Another 53 words (4 lines of text) are included under the topic Early Culligh Notables in all our PDF Extended History products and printed products wherever possible.

Migration of the Culligh family to Ireland


Some of the Culligh family moved to Ireland, but this topic is not covered in this excerpt.
Another 215 words (15 lines of text) about their life in Ireland is included in all our PDF Extended History products and printed products wherever possible.

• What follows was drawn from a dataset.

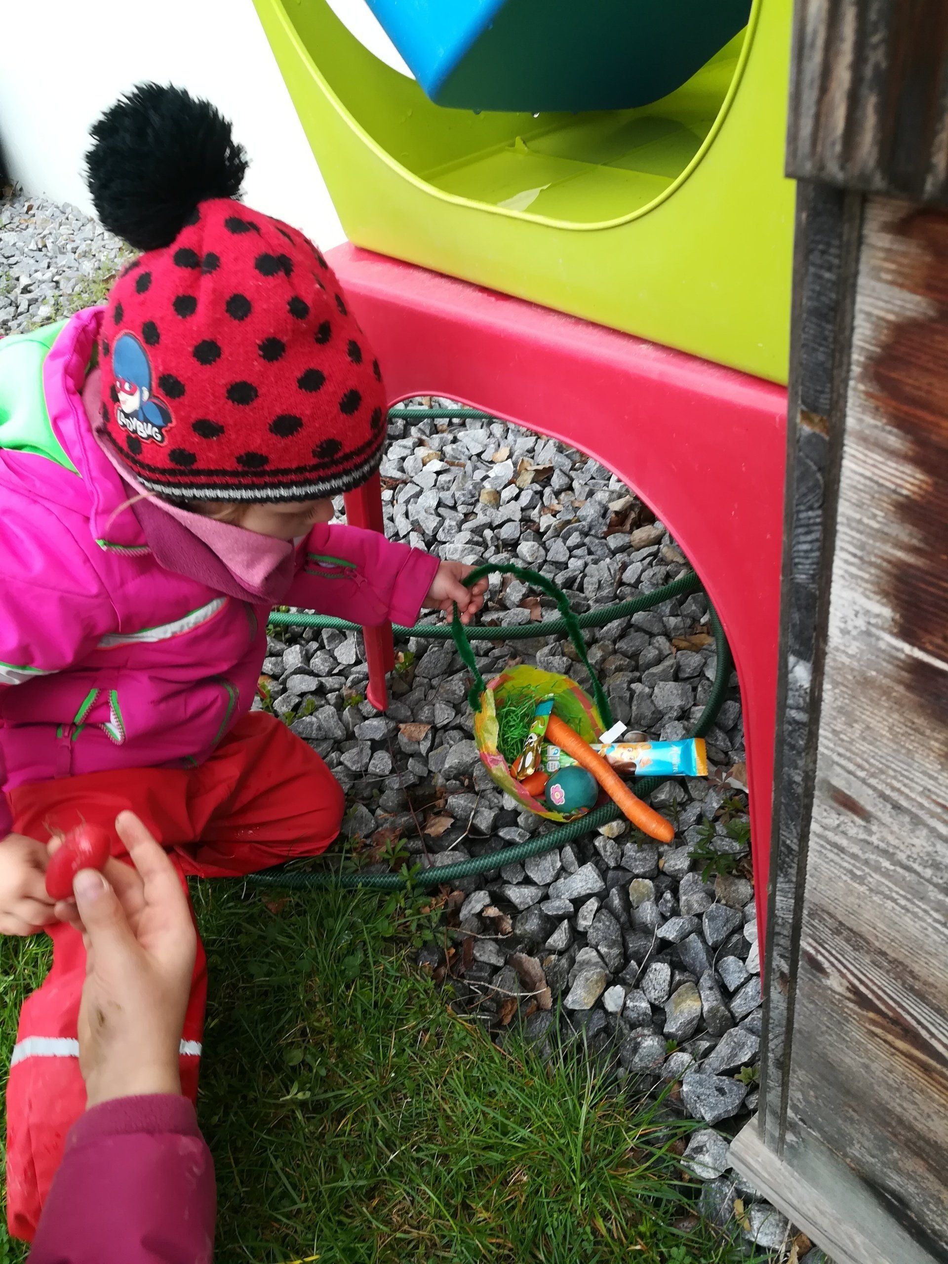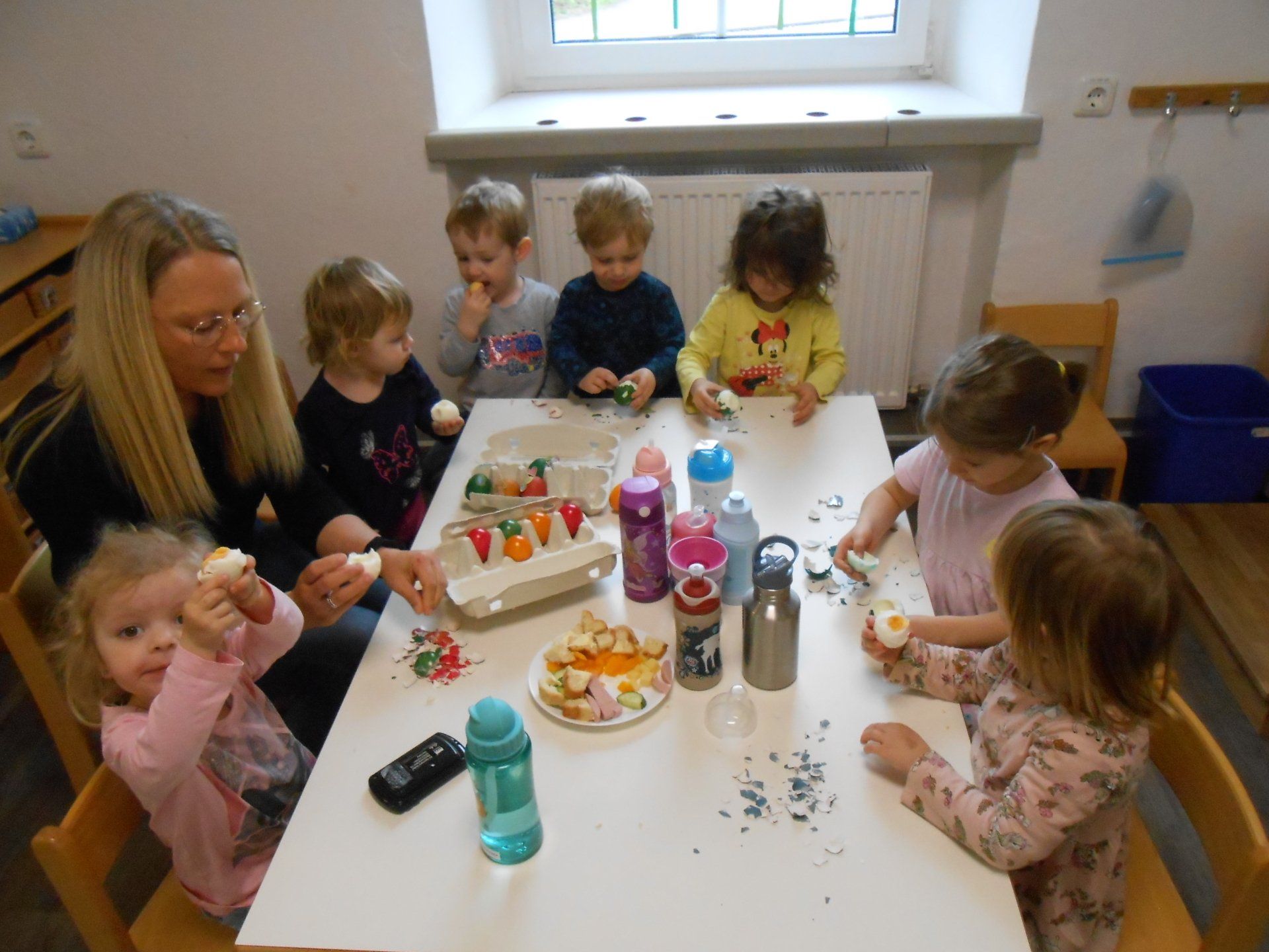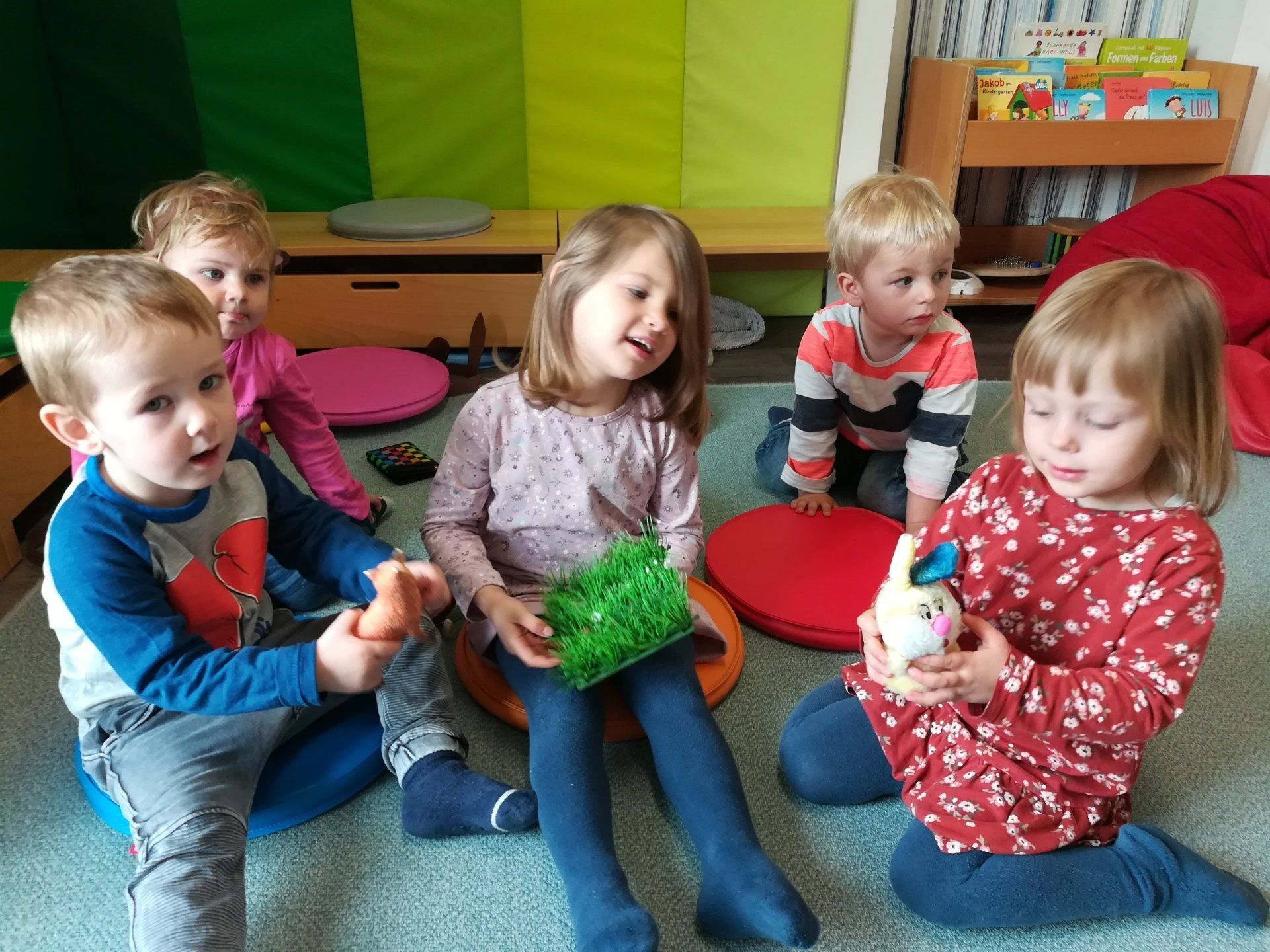Die Ostervorbereitungen sind in vollem Gange! Wir basteln Osternester, färben Ostereier, dekorieren unseren Osterstrauch mit selbst gebastelten Eiern und tanzen jeden Tag zu unseren Osterliedern. Auch ein Besuch bei den Hühnern darf nicht fehlen, um zu sehen, woher die Eier eigentlich kommen. Der Höhepunkt war natürlich das Osternesterl suchen im Krabbelstubengarten - die Freude war groß!

Migration of the Culligh family to the New World and Oceana


For Scottish immigrants, the great expense of travel to North America did not seem such a problem in those unstable times. Acres of land awaited them and many got the chance to fight for their freedom in the American War of Independence. These Scots and their ancestors went on to play important roles in the forging of the great nations of the United States and Canada. Among them: Robert MacCullaugh who settled in Jamaica in 1716; John and Jane MacCulloch settled in Charles Town in 1762; Barbara and Hugh MacCullock settled in Maryland in 1774.

The Culligh Motto


The motto was originally a war cry or slogan. Mottoes first began to be shown with arms in the 14th and 15th centuries, but were not in general use until the 17th century. Thus the oldest coats of arms generally do not include a motto. Mottoes seldom form part of the grant of arms: Under most heraldic authorities, a motto is an optional component of the coat of arms, and can be added to or changed at will; many families have chosen not to display a motto.

Motto: Vi et animo
Motto Translation: By strength and courage.